Devon's unreimbursed expenditures in 2002 concerning such matters were
immaterial, but Devon cannot predict with any reasonable degree of certainty its
future exposure concerning such matters.

Devon is also subject to laws and regulations concerning occupational
safety and health. Due to the continued changes in these laws and regulations,
and the judicial construction of same, Devon is unable to predict with any
reasonable degree of certainty its future costs of complying with these laws and
regulations. Devon considers the cost of safety and health compliance a
necessary and manageable part of its business. Devon has been able to plan for
and comply with new initiatives without materially altering its operating
strategies.

Devon maintains its own internal Environmental, Health and Safety
Department. This department is responsible for instituting and maintaining an
environmental and safety compliance program for Devon. The program includes
field inspections of properties and internal assessments of Devon's compliance
procedures.

Devon is subject to certain laws and regulations relating to environmental
remediation activities associated with past operations, such as the
Comprehensive Environmental Response, Compensation, and Liability Act ("CERCLA")
and similar state statutes. In response to liabilities associated with these
activities, accruals have been established when reasonable estimates are
possible. Such accruals primarily include estimated costs associated with
remediation. Devon has not used discounting in determining its accrued
liabilities for environmental remediation, and no material claims for possible
recovery from third party insurers or other parties related to environmental
costs have been recognized in Devon's consolidated financial statements. Devon
adjusts the accruals when new remediation responsibilities are discovered and
probable costs become estimable, or when current remediation estimates must be
adjusted to reflect new information.

Certain of Devon's subsidiaries acquired in past mergers are involved in
matters in which it has been alleged that such subsidiaries are potentially
responsible parties ("PRPs") under CERCLA or similar state legislation with
respect to various waste disposal areas owned or operated by third parties. As
of December 31, 2002, Devon's consolidated balance sheet included $8 million of
non-current accrued liabilities, reflected in "Other liabilities," related to
these and other environmental remediation liabilities. Devon does not currently
believe there is a reasonable possibility of incurring additional material costs
in excess of the current accruals recognized for such environmental remediation
activities.

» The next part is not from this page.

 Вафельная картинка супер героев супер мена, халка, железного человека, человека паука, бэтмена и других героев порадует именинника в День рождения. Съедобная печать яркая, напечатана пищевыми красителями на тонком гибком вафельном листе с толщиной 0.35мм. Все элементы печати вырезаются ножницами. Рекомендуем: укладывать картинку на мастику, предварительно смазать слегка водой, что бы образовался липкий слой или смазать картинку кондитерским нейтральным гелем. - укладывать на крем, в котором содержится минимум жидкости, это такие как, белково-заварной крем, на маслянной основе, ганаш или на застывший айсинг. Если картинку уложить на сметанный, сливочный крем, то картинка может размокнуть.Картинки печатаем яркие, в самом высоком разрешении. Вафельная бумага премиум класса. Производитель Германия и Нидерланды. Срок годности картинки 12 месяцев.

With respect to the sites in which Devon subsidiaries are PRPs,
Devon's conclusion is based in large part on (i) Devon's participation in
consent decrees with both other PRPs and the Environmental Protection Agency,
which provide for performing the scope of work required for remediation and
contain covenants not to sue as protection to the PRPs, (ii) participation in
groups as a de minimis PRP, and (iii) the availability of other defenses to
liability. As a result, Devon's monetary exposure is not expected to be
material.

10


CANADIAN REGULATIONS

The oil and gas industry in Canada is subject to extensive controls and
regulations imposed by various levels of government. It is not expected that any
of these controls or regulations will affect Devon's Canadian operations in a
manner materially different than they would affect other oil and gas companies
of similar size. The following are the most important areas of control and
regulation.

The North American Free Trade Agreement. The North American Free Trade
Agreement ("NAFTA") which became effective on January 1, 1994 carries forward
most of the material energy terms contained in the Canada-U.S. Free Trade
Agreement. In the context of energy resources, Canada continues to remain free
to determine whether exports to the United States or Mexico will be allowed,
provided that any export restrictions do not (i) reduce the proportion of energy
exported relative to the supply of the energy resource; (ii) impose an export
price higher than the domestic price; or (iii) disrupt normal channels of
supply. All parties to NAFTA are also prohibited from imposing minimum export or
import price requirements.

Royalties and Incentives. Each province and the federal government of
Canada have legislation and regulations governing land tenure, royalties,
production rates and taxes, environmental protection and other matters under
their respective jurisdictions. The royalty regime is a significant factor in
the profitability of oil and natural gas production. Royalties payable on
production from lands other than Crown lands are determined by negotiations
between the parties. Crown royalties are determined by government regulation and
are generally calculated as a percentage of the value of the gross production
with the royalty rate dependent in part upon prescribed reference prices, well
productivity, geographical location, field discovery date and the type and
quality of the petroleum product produced. From time to time, the governments of
Canada, Alberta and British Columbia have also established incentive programs
such as royalty rate reductions, royalty holidays and tax credits for the
purpose of encouraging oil and natural gas exploration or enhanced recovery
projects. These incentives generally have the effect of increasing the cash flow
to the producer.

Pricing and Marketing. The price of oil and natural gas sold is determined
by negotiation between buyers and sellers. An order from the National Energy
Board ("NEB") is required for oil exports from Canada. Any oil export to be made
pursuant to an export contract of longer than one year, in the case of light
crude, and two years, in the case of heavy crude, duration (up to 25 years)
requires an exporter to obtain an export license from the NEB. The issue of such
a license requires the approval of the Government of Canada. Natural gas
exported from Canada is also subject to similar regulation by the NEB. Exporters
are free to negotiate prices and other terms with purchasers, provided that the
export contracts in excess of two years must continue to meet certain criteria
prescribed by the NEB. The governments of Alberta and British Columbia also
regulate the volume of natural gas which may be removed from those provinces for
consumption elsewhere based on such factors as reserve availability,
transportation arrangements and market considerations.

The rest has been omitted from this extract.